About 11 p.m. Saturday Cook and his wife, Magickal Marissa, a metaphysicist and astrologer, heard several gunshots, one of which blew out their kitchen window.

"The police came by, and they think it was a shotgun," Cook said. "Marissa was in the kitchen at the time, and a piece of wadding hit her in the head. Thank God she wasn't hit by a pellet."
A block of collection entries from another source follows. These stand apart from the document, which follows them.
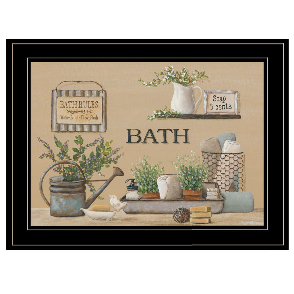 BR466-704G "Farmhouse Bath II " by artisan Pam Britton. This decorative black framed 1-pc(19x15) says" Bath House tin sign" in a room that makes you to want relax! Shelf of towels, bath soap, floral, soap everything you need to relax and enjoy. This framed art is totally American made. The surface of the art is coated with a fade resistant texture which gives it a canvas-like appearance. No glass is necessary. Arrives ready to hang. •Women Owned (WBE)•Textured Artwork with a 'rolled on' acid free acrylic coating to create a canvas painting effect. No glass is necessary.•UV protectant coating protects artwork from fading.•Molding adds natural beauty to the framed art. Frame is keyholed for ease of hanging.•Frame is keyholed for ease of hanging.
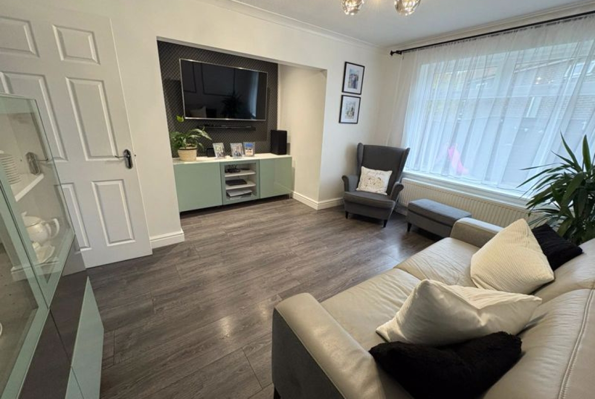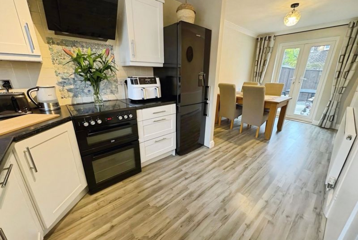 Impressive end link, situated within a cul-de-sac with a south facing garden to the rear. The property is suitable for a range of buyers seeking a comfortable and inviting home. To the ground floor there is an entrance hallway leading to spacious lounge and dining kitchen with garden access. Two double bedrooms to the first floor, bathroom and separate WC. Enclosed garden to the front with wrought iron boundaries and a good sized garden to the rear with lawned and decked areas. Situated close to local schools and all amenities. Do not hesitate to make this delightful property your home.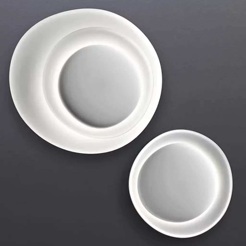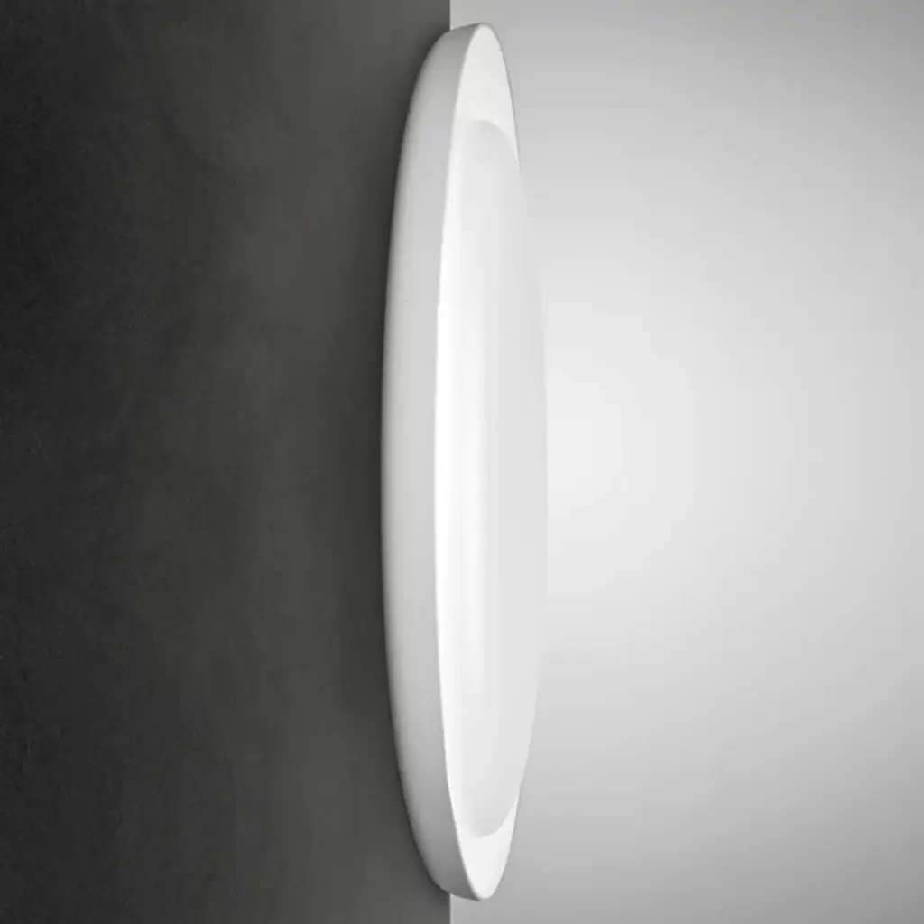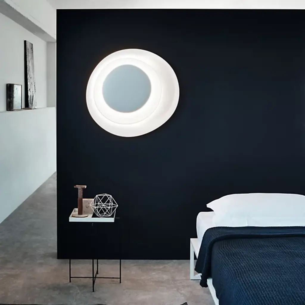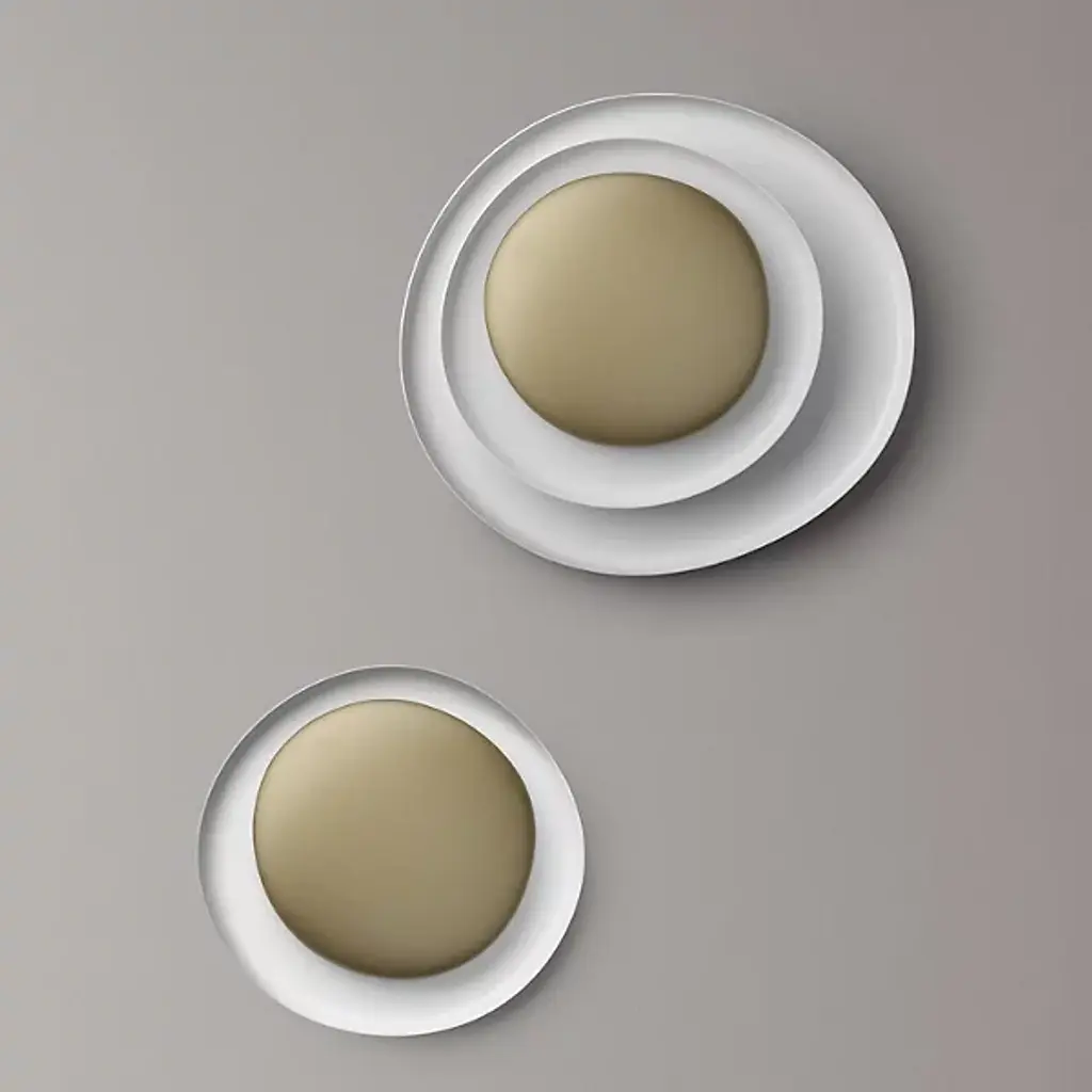 The Foscarini Bahia Wall/Ceiling Light seems to have harnessed the shape of ripples on water, featuring layered disks of indirect light. Composed of white polycarbonate, the central diffuser obscures the LED light source, revealing halos of light as the rings pan outward. An intriguing source of illumination for both wall and ceiling applications, the slender profile provides both functional and artful light that craves to be installed in modular applications.

The windows also were shot out in Cook's old red truck, which he uses to haul hot coffee, sandwiches, clothes and medicine to the homeless and sick.

"I just don't know why someone would want to shoot at us," Cook said. "We're not dopers, and we don't party. I never bring homeless people home, except for a woman last week, but she had two babies and she left after we got her some help."

Cook and his wife live on Ellis Street in North Las Vegas in a neighborhood near Lake Mead Boulevard and Belmont Street. Cook uses the small house as the home base for his mission of lending a helping hand.

He moved to Las Vegas 14 years ago, after starting his mission to the homeless in the '60s in Memphis, Tenn. The ordained minister later found his way to Florida, Louisiana and North Carolina.

Since he came to Las Vegas, the city's homeless population has come to know Cook as a man who can be counted on for a meal, to pull a bothersome tooth or to stitch up cuts and wounds.

Cook has learned to stretch a dollar to help people, as well as to keep himself and his wife off the street, where they are often in danger of ending up.

"I can take $20 and feed 100 people," Cook said.

Cook has boarded up the broken windows on his truck and home, and says that he doesn't know where he'll get the money to repair the windows. The couple do their work and live on Cook's military pension, Social Security and about $50 a month that Marissa makes for writing an astrology column.

"We might need some help if we're going to get this fixed, but it won't stop me from doing what I'm doing," Cook said.